De ce fait, les sens qui manquent complètement ou qui sont déficients (pour la population innée) ne paraissent pas primordiaux dans la considération des aliments présentés. Les patients interrogés semblent très bien s’accommoder de cette perte sensorielle, qui n’en est pas vraiment une pour eux et qui ne les gêne en rien. Le manque ou la perte des patients avec déficit acquis est plus handicapante et gênante, car ils ont apprivoisé les aspects sensoriels de ces aliments, qu’ils ne peuvent à présent plus apprécier de la même manière. Cela est perceptible dans leur oralité verbale : « L’odorat, c’est bien ça le problème » (M. D.) ; « Je ne peux plus ‘goûter’ comme je le voudrais », « Agréable à partager ? Non, car je sais que je n’aurai pas le même plaisir qu’avant », « le cola, c’est agréable parce que c’est liquide et que je sais que je vais pouvoir le consommer ». (M. F.).

Chez les patients avec troubles acquis, nous avons observé la mécanique de la mémoire sensorielle et les bonds constants entre cette dernière, ayant conservé intactes toutes les caractéristiques sensorielles des aliments, et la perception actuelle, avec le sens manquant ou les difficultés alimentaires. M.D., ayant perdu l’odorat, nous confie penser à l’odeur pour bon nombre des aliments présentés, mais s’empêchera de donner ce sens en première intention car il l’a perdu. En guise d’exemple, nous pouvons citer ses dires lors de la présentation de la photographie du petit pain : « En temps ordinaire, c’est l’odeur. Mais, mon odorat est absent donc je pense au toucher ». Parfois, les réminiscences de la mémoire sensorielle se sont avérées plus fortes et plus importantes que les troubles : « Pour le croissant, je pense à l’odorat tout de suite et aux odeurs de boulangerie, même plus qu’au goût ».

3.

Autres remarques qualitatives

Comme il était possible de l’imaginer, les enfants et adolescents se sont montrés plus attirés par les photographies ou les évocations liées à des aliments rassasiants, gras ou sucrés (comme les pâtes, le poisson pané ou le chocolat). Les goûts de chacun, et surtout les goûts enfantins, ont donc été mis au jour et des

réponses très intéressantes ont justement été données, concernant le goût. Les sujets pouvaient donner le goût, soit en considérant le goût qu’ils aiment particulièrement, soit en considérant le goût qu’ils n’aiment pas du tout. En général, ils pensaient au goût qu’ils n’aimaient pas et le signifiaient d’emblée. Pour des aliments appréciés, ils pouvaient donner un tout autre sens. Cela nous indique donc qu’il est possible d’apprécier un aliment pour d’autres caractéristiques sensorielles que son goût mais, en général, ce qui fait que nous ne l’aimons pas, c’est son goût. L’aliment est donc bien considéré comme palatable en fonction de ses caractéristiques sensorielles et surtout gustatives.
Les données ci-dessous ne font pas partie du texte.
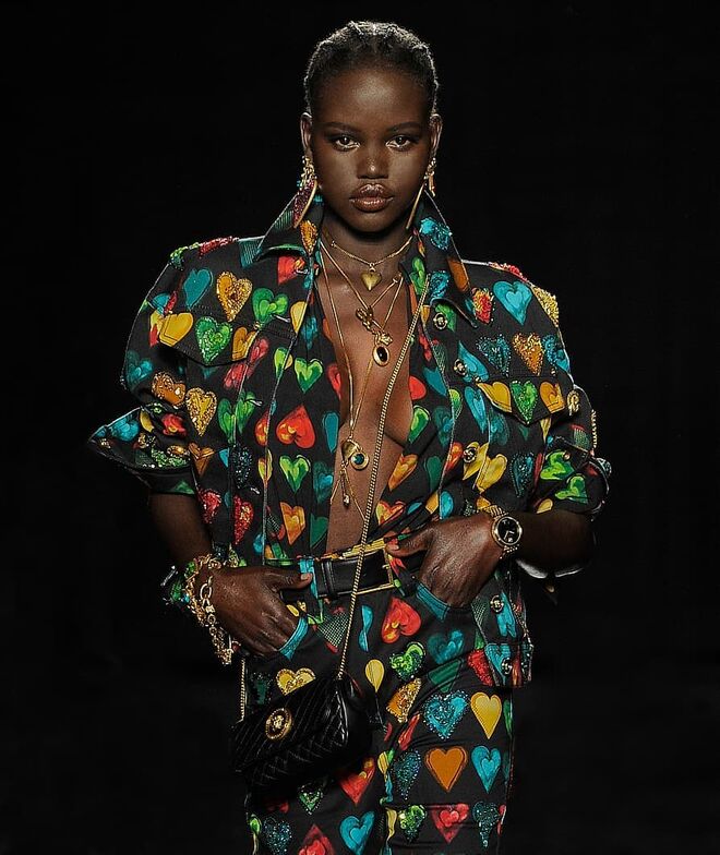 Também dois dos modelos mais icónicos da marca desfilaram com um novo visual: foram eles o vestido que Jennifer Lopez levou à cerimónia dos Grammys em 2000 e o emblemático vestido de alfinetes usado por Elizabeth Hurley em 1994.
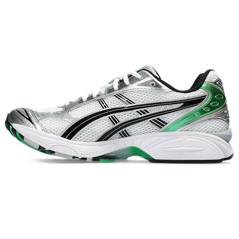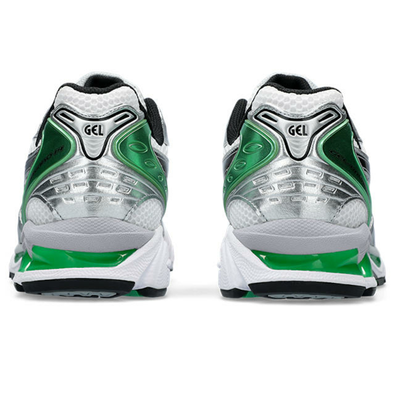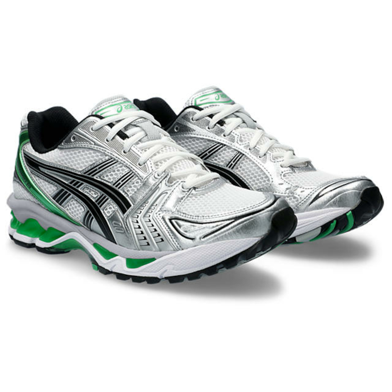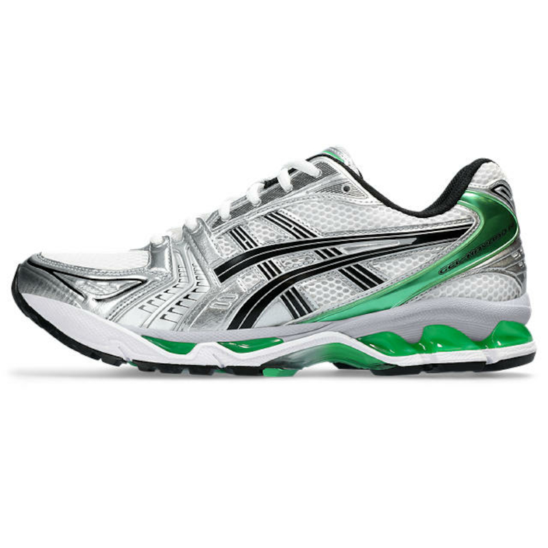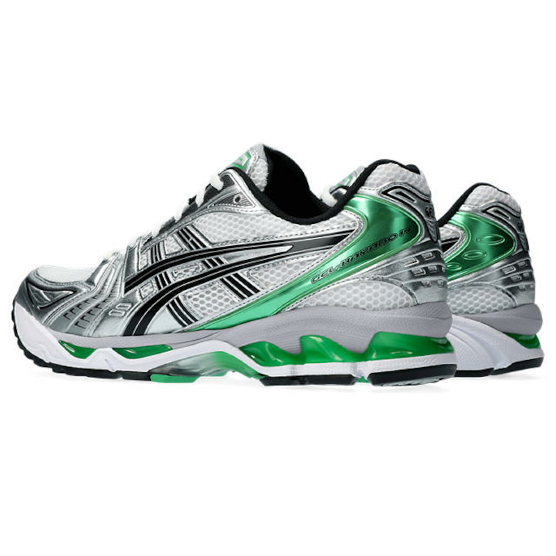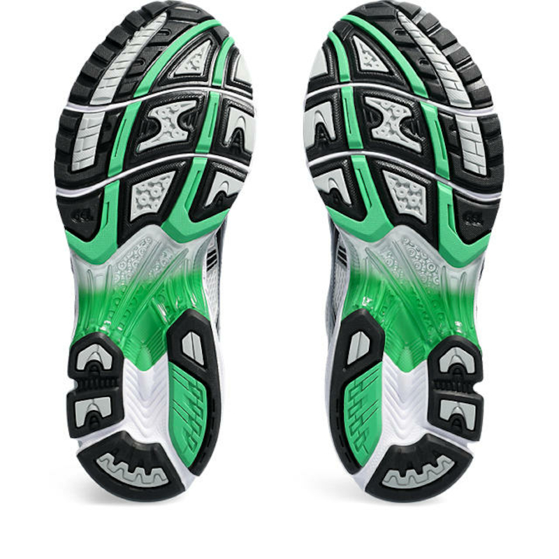 Arriving here is a the perfect touches of Malachite Green, gleaming with pride via the heel accent and the GEL cushioning inserts on the heel and fore-foot. That lucky shade also persists through the exposed plate on the mid-foot and into the traction towards the toe. The remainder of the shoe relies on the basic (but hardly basic) arrangement of metallic silver, black, and white mesh base for those with that impeccable taste.
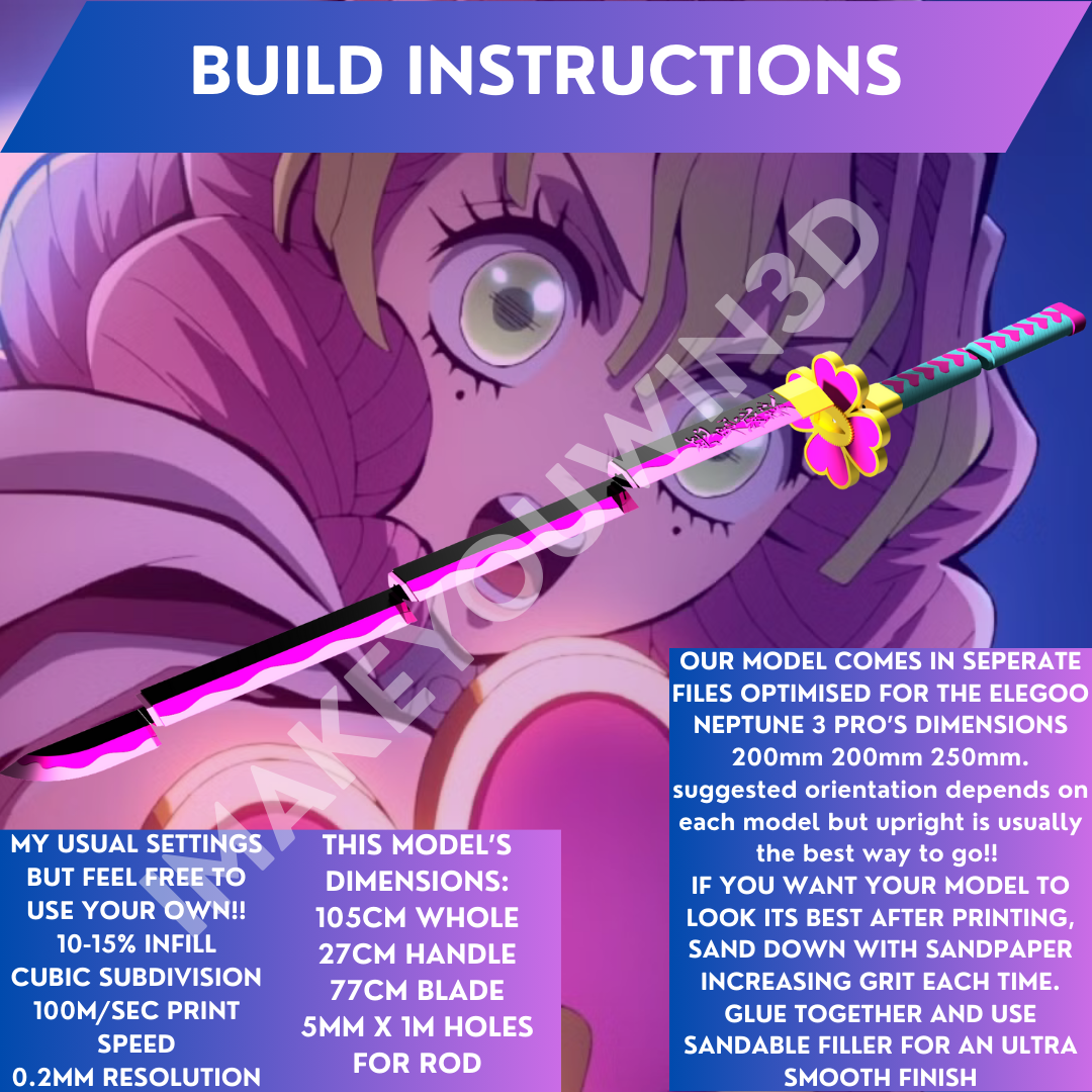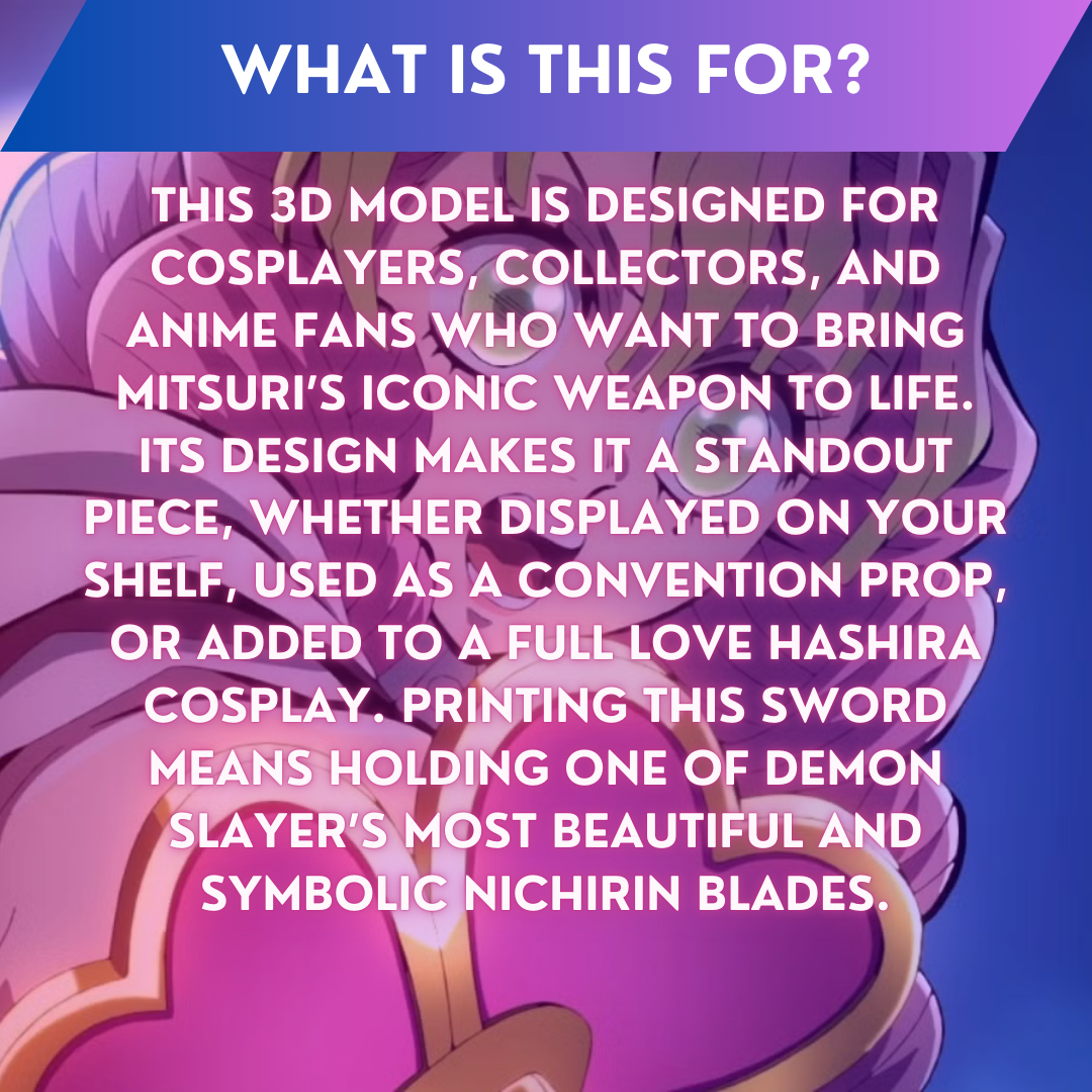 This 3D model is designed for cosplayers, collectors, and anime fans who want to bring Mitsuri’s iconic weapon to life. Its design makes it a standout piece, whether displayed on your shelf, used as a convention prop, or added to a full Love Hashira cosplay. Printing this sword means holding one of Demon Slayer’s most beautiful and symbolic Nichirin blades.
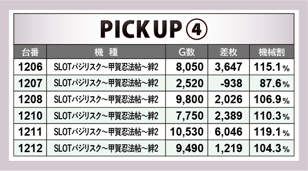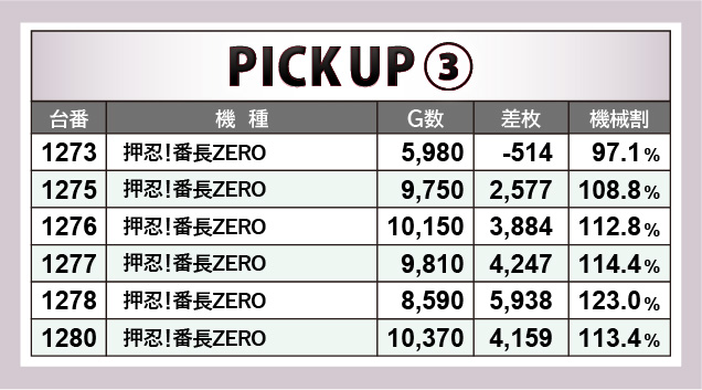 続いて人気AT機である『押忍!番長ZERO』は、万回転到達台が2台見られた。こちらも回転数が増えるにつれて、大量獲得に成功したという印象を強く受ける。また『SLOTバジリスク~甲賀忍法帖~絆2』に関しても同様で、各台でまとまりのある出玉感を披露していたのが好感を覚えずにはいられない。パチスロ界を引っ張る二大巨頭の活躍は、これからも見逃すことができないだろう。
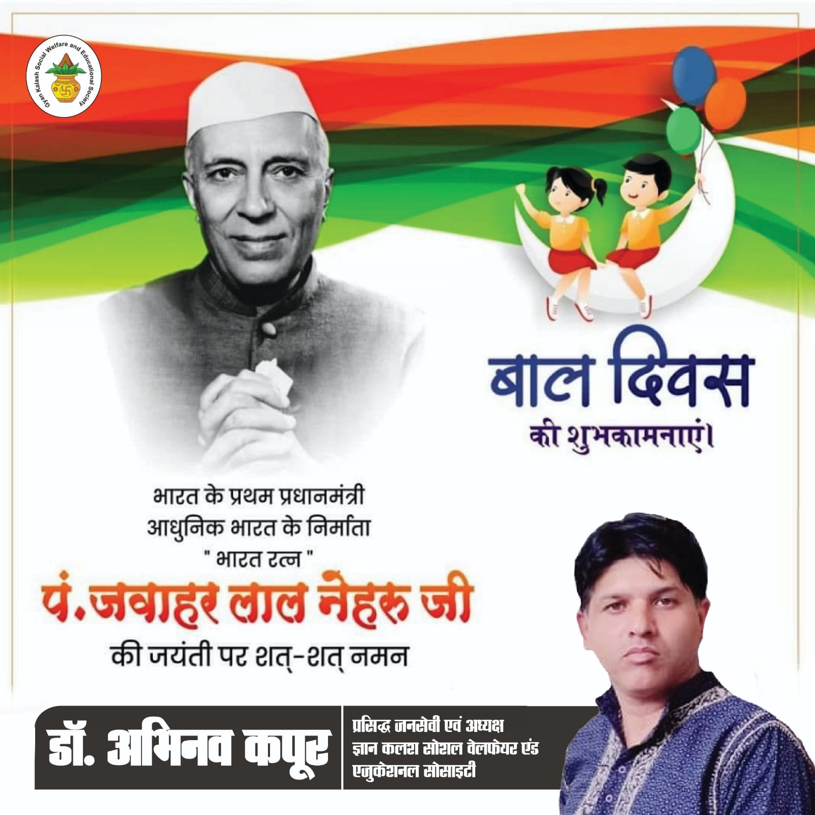 जनसेवी डॉ. अभिनव कपूर ने कहा- भविष्य के राष्ट्रनिर्माता, हमारी नन्ही पीढ़ी का भविष्य उज्जवल एवं सफल हो, इस ‘बाल दिवस’ पर ईश्वर से यही प्रार्थना है।
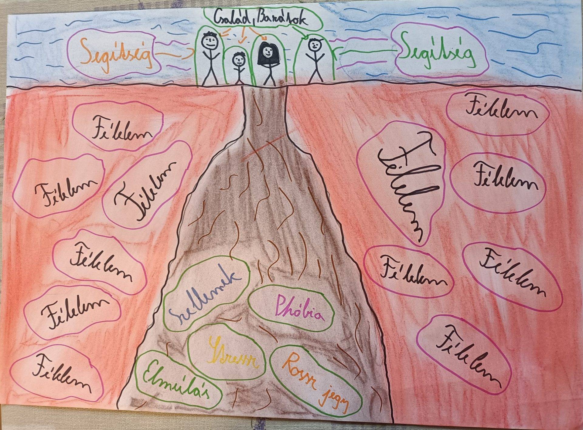 – második lépésként gondolataikat képekben rögzítik: rajzlapra készítik el saját „okok és megoldások térképét”
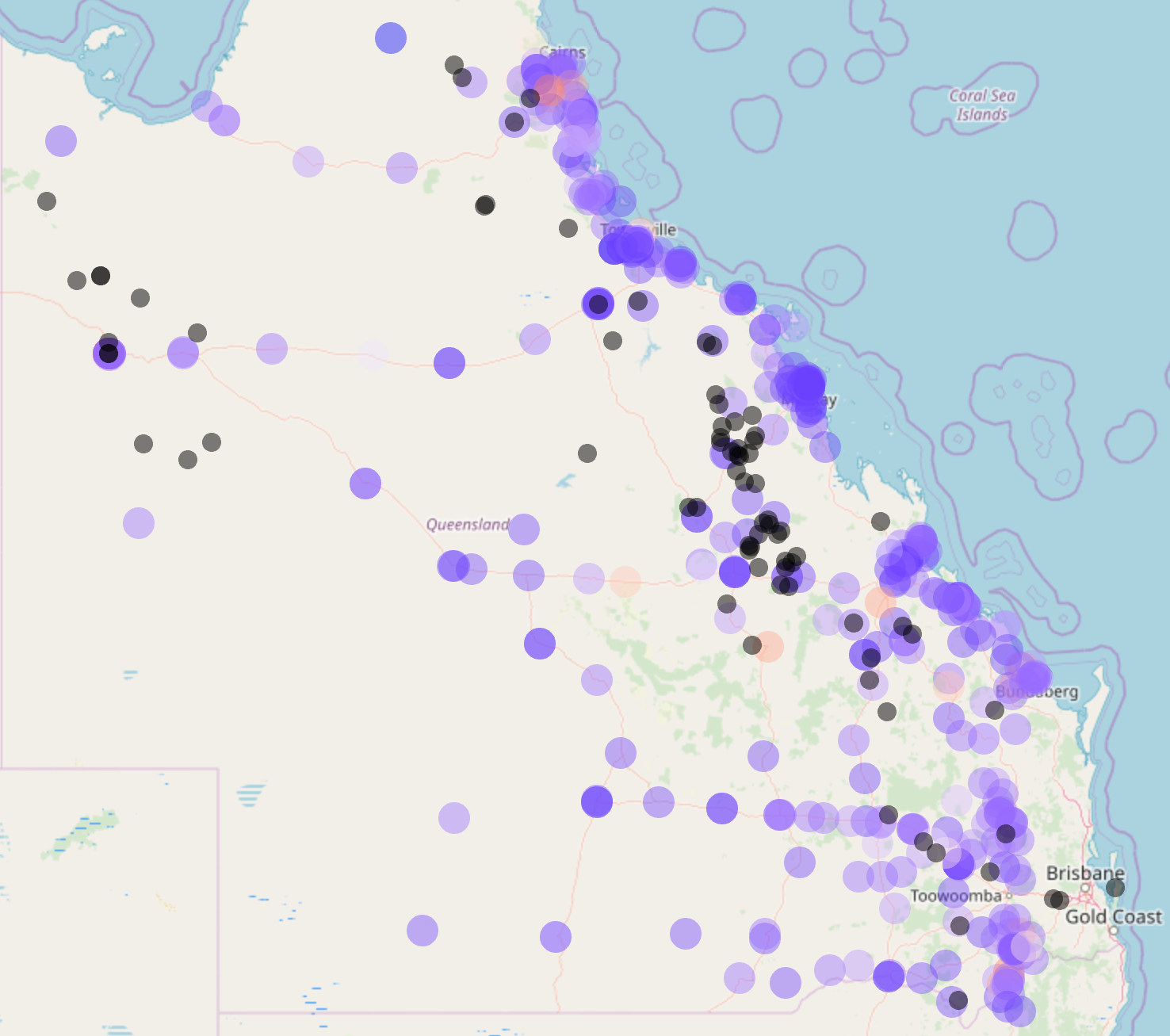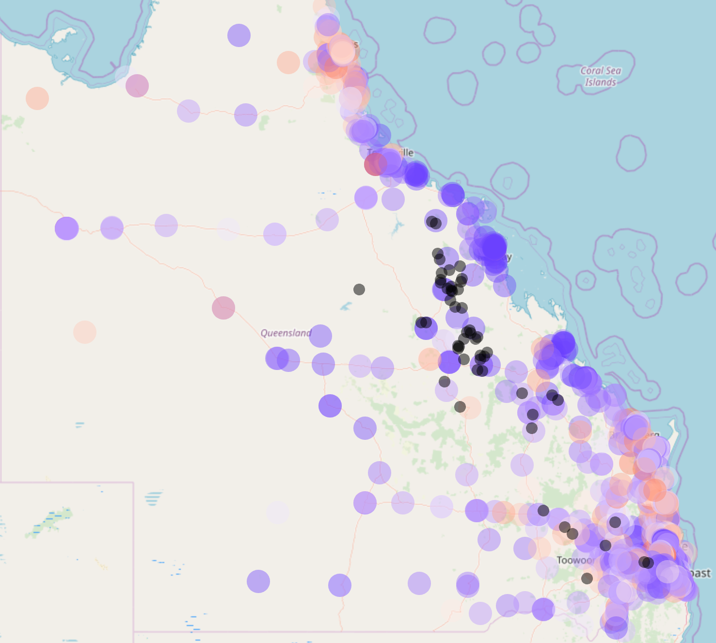 For the purpose of the above analysis, I selected all the seats have at least one booth that is less than 500kms from Adani (approx E 146.125, S -22). The seats are: Maranoa, Kennedy, Capricornia, Flynn, Dawson and Herbert. The two-party-preferred swing map is below (recall that blue = swing to LNP and red = swing to ALP). Again, it looks pretty good on the map: these booths all swung to the LNP.
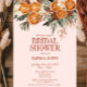 Diese elegante Dusche aus rosa Zitrusfrüchten und blühenden Brautbäumen lädt zu einem Besuch im blühenden Grün ein. Orangen in gebrannter Orange mit Zimtstäben und Herbstgeburt-Blume. Alle Texte können geändert werden.

De plus, nous pouvons remarquer que, plus les plats proposés contiennent des aliments aux qualités organoleptiques variées, et plus les évocations sensorielles sont diverses entre chaque groupe.

Les plats déclinés et présentés de diverses manières (la pomme et la demi-pomme, le poisson pané et le poisson blanc bouilli, le verre de lait chaud et le verre de lait froid, le plat mixé et le même plat non mixé) ont surpris et dérouté les patients, qui se demandaient pourquoi deux aliments quasiment identiques étaient présentés à des moments différents. Dans la majorité des cas, les perceptions sensorielles diffèrent, sauf pour quelques patients pour lesquels le sens stimulé était le même, bien que l’aliment soit quelque peu modifié (c’est le cas pour la pomme et la demi-pomme). Cela est certainement dû au fait que certaines caractéristiques organoleptiques spécifiques (la chaleur du lait, la panure du poisson ou la texture du plat mixé) font forcément écho à des sens en particulier et pas à d’autres. Si l’aspect de l’aliment change, alors sa représentation sensorielle aussi. La présentation, la vision ou la pensée des textures modifie considérablement la perception sensorielle d’un plat et agit également de l’envie de le manger : cela est objectivé par le plat mixé. De ce fait, la modification des qualités organoleptiques habituelles de nos aliments est bel et bien en mesure de dérouter.